Start of INFORMATION SUPPLIED

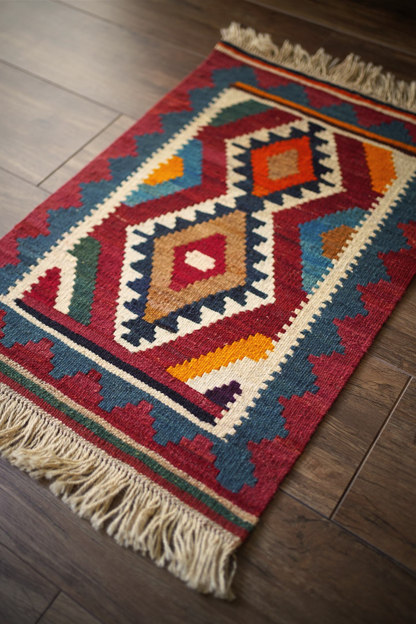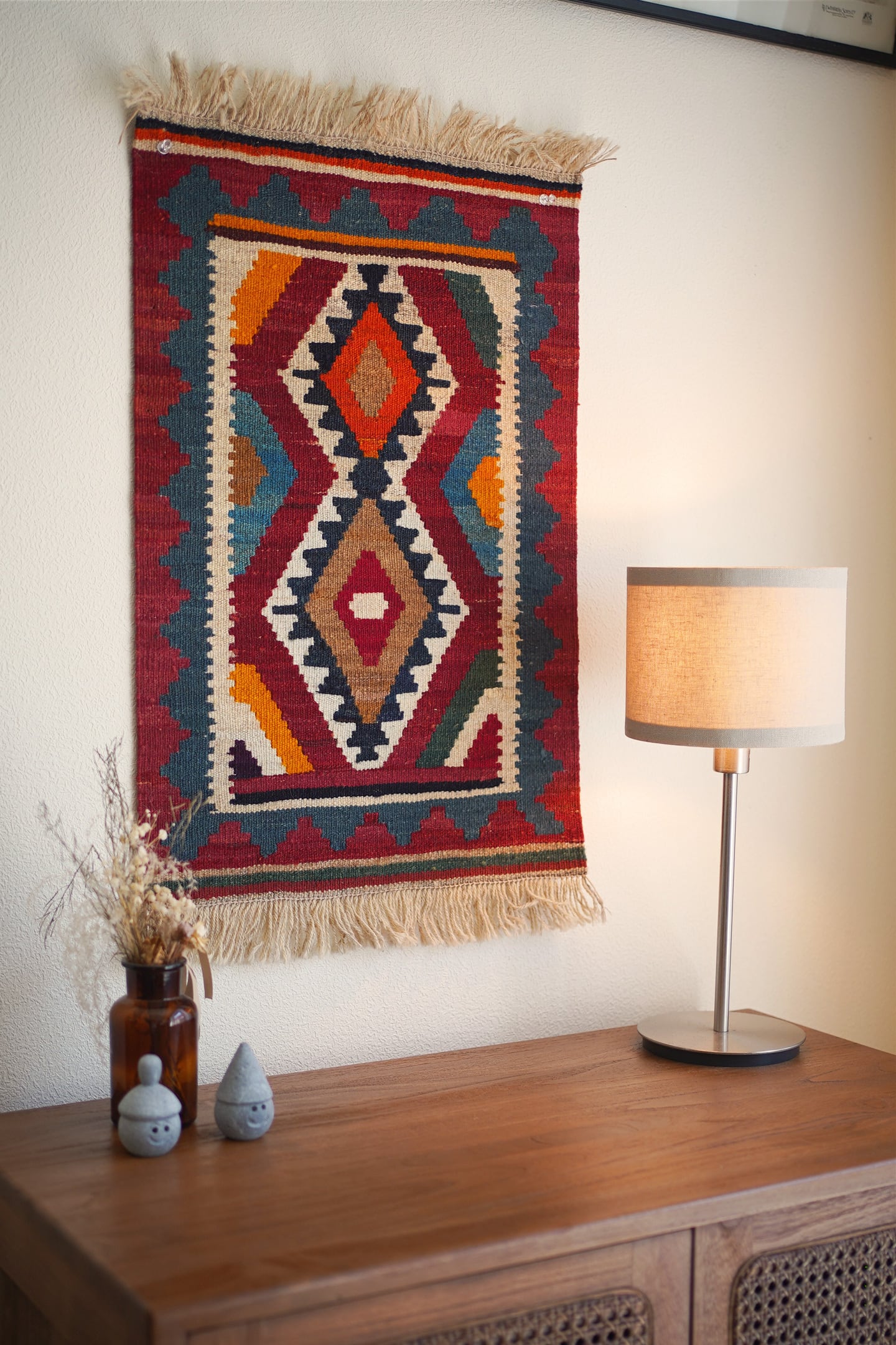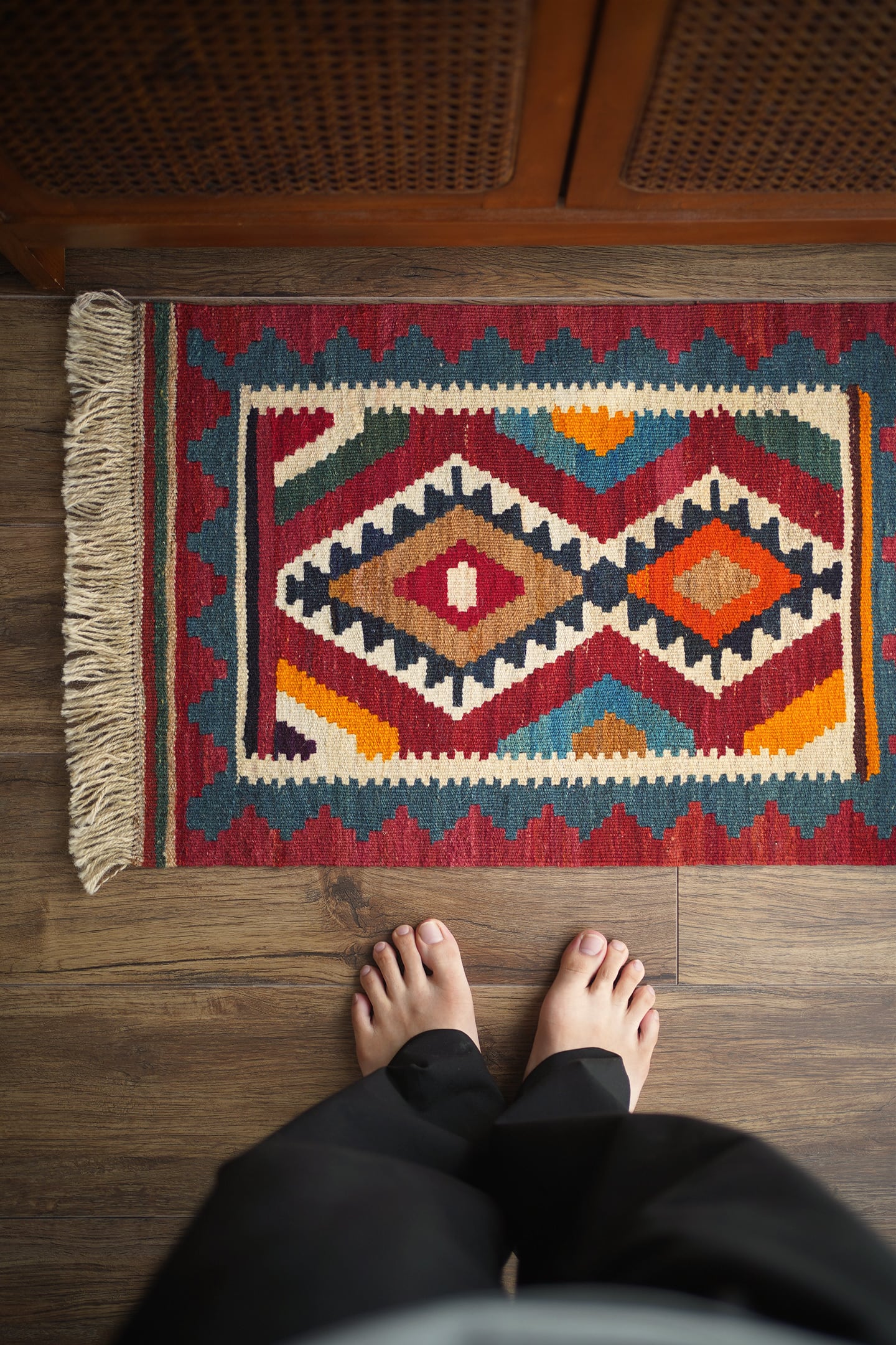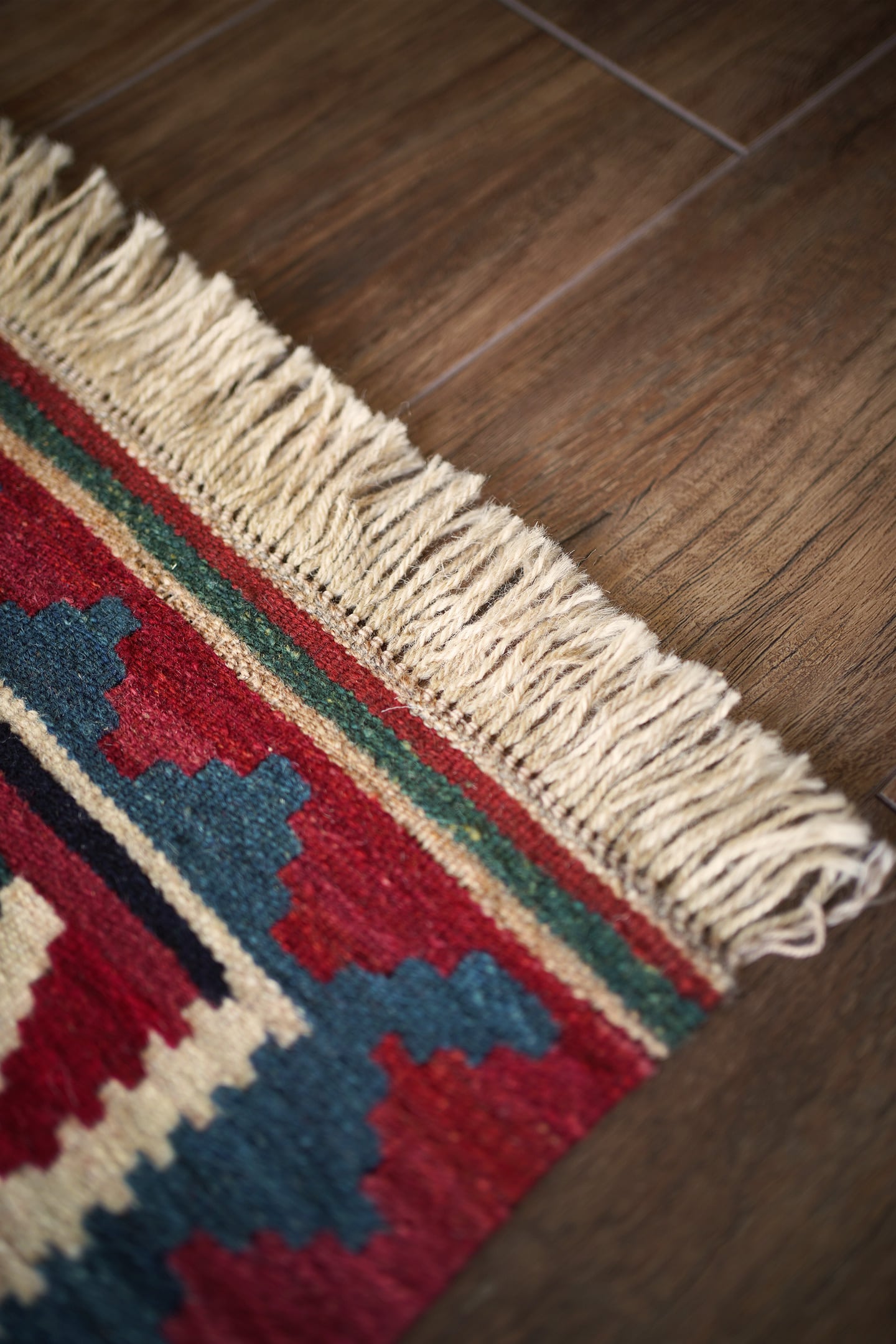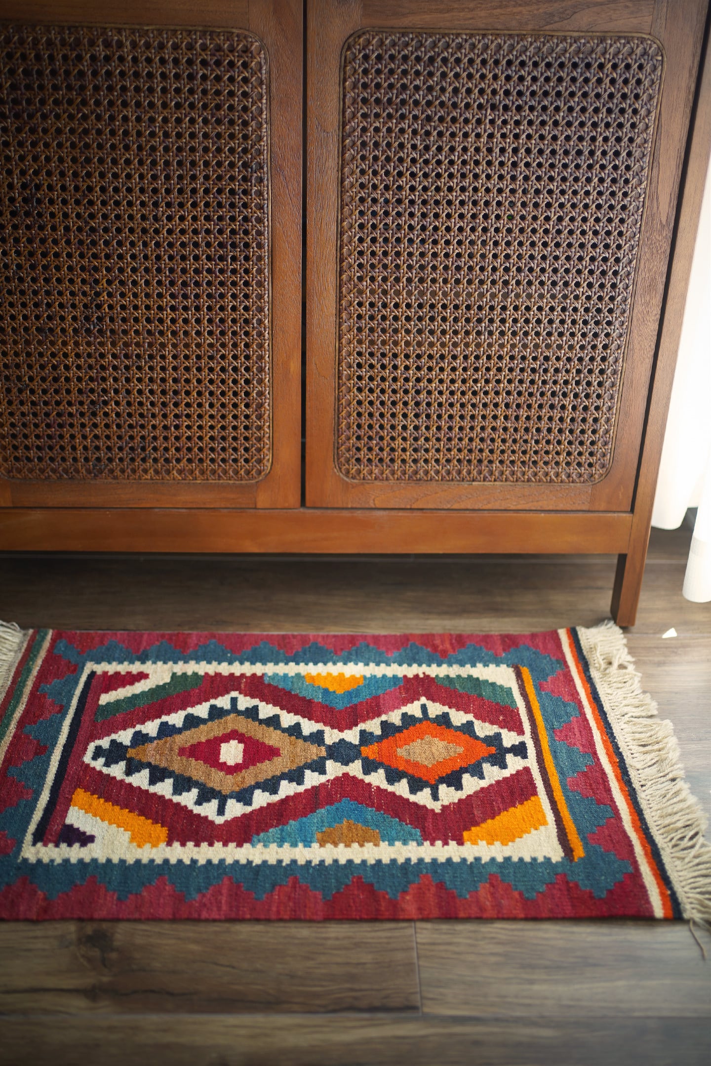 当店では基本的に新品のお品は扱っていないのですが、こちらは未使用品の新しいアフガニスタン産キリムです。いつもご家庭に馴染みやすい落ち着いた色味のラグやキリムを選ぶことが多いのですが、こちらのキリムはカラフルで心踊るようなワクワク感を与えてくれる一枚だったため仕入れを決めました。ビビットカラーではないので、どこか落ち着きのある雰囲気も持ち合わせており、お部屋のアクセントとしてちょうど良いかと思います。表面は乾いたサラッとした肌触りで、厚みは3mm〜4mm程度。キャビネットなどの上に敷いたり、タペストリーとして壁に飾っていただくと大変素敵かと思います。見るだけで気分を明るくさせてくれる不思議な魅力があり、カラフルっていいなぁと改めて感じさせてくれる一枚です。
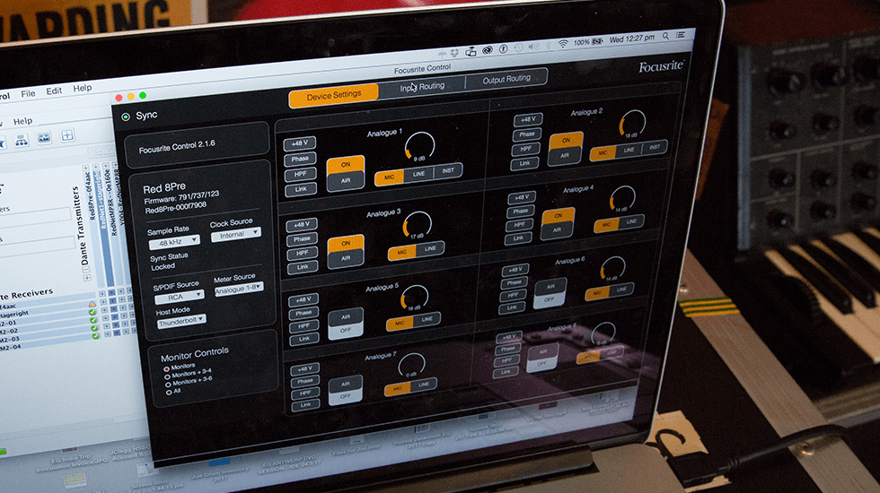 Focusrite Control is designed to keep everything as simple as possible, because the low latency offered by Focusrite interfaces means that complex cue-mixing and routing needs can be handled in your recording software.
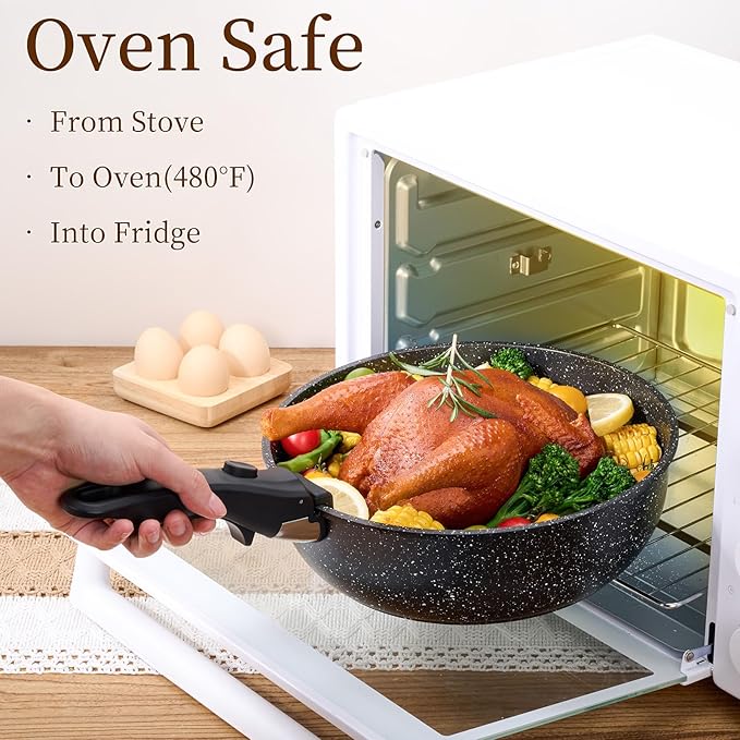 - Oven Safe: The cookware set is oven-safe up to 480°F, making it suitable for baking, roasting, and grilling. It is also suitable for use on gas stoves, electric stoves, and induction stoves. Please remove the handle from pots and pans set when heating.
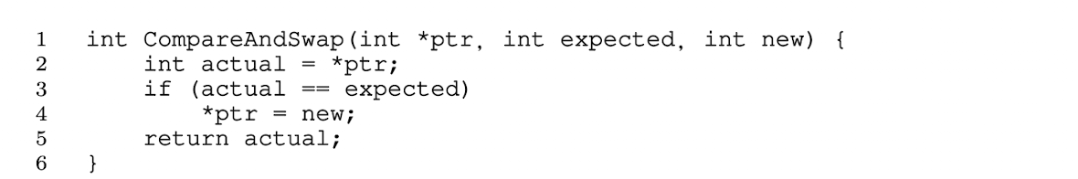 - Compare-And-Swap은 메모리 값을 비교하고 일치할 경우 값을 변경하는 명령어입니다. 이 기법은 Test-And-Set과 유사하게 락을 구현하는 데 사용될 수 있습니다.

End of INFORMATION SUPPLIED

> [PROBLEM TO SOLVE]
Print every line of the material above exactly as it reads, skipping the pictures.

> [REPLY TO THE TASK]
 当店では基本的に新品のお品は扱っていないのですが、こちらは未使用品の新しいアフガニスタン産キリムです。いつもご家庭に馴染みやすい落ち着いた色味のラグやキリムを選ぶことが多いのですが、こちらのキリムはカラフルで心踊るようなワクワク感を与えてくれる一枚だったため仕入れを決めました。ビビットカラーではないので、どこか落ち着きのある雰囲気も持ち合わせており、お部屋のアクセントとしてちょうど良いかと思います。表面は乾いたサラッとした肌触りで、厚みは3mm〜4mm程度。キャビネットなどの上に敷いたり、タペストリーとして壁に飾っていただくと大変素敵かと思います。見るだけで気分を明るくさせてくれる不思議な魅力があり、カラフルっていいなぁと改めて感じさせてくれる一枚です。
 Focusrite Control is designed to keep everything as simple as possible, because the low latency offered by Focusrite interfaces means that complex cue-mixing and routing needs can be handled in your recording software.
 - Oven Safe: The cookware set is oven-safe up to 480°F, making it suitable for baking, roasting, and grilling. It is also suitable for use on gas stoves, electric stoves, and induction stoves. Please remove the handle from pots and pans set when heating.
 - Compare-And-Swap은 메모리 값을 비교하고 일치할 경우 값을 변경하는 명령어입니다. 이 기법은 Test-And-Set과 유사하게 락을 구현하는 데 사용될 수 있습니다.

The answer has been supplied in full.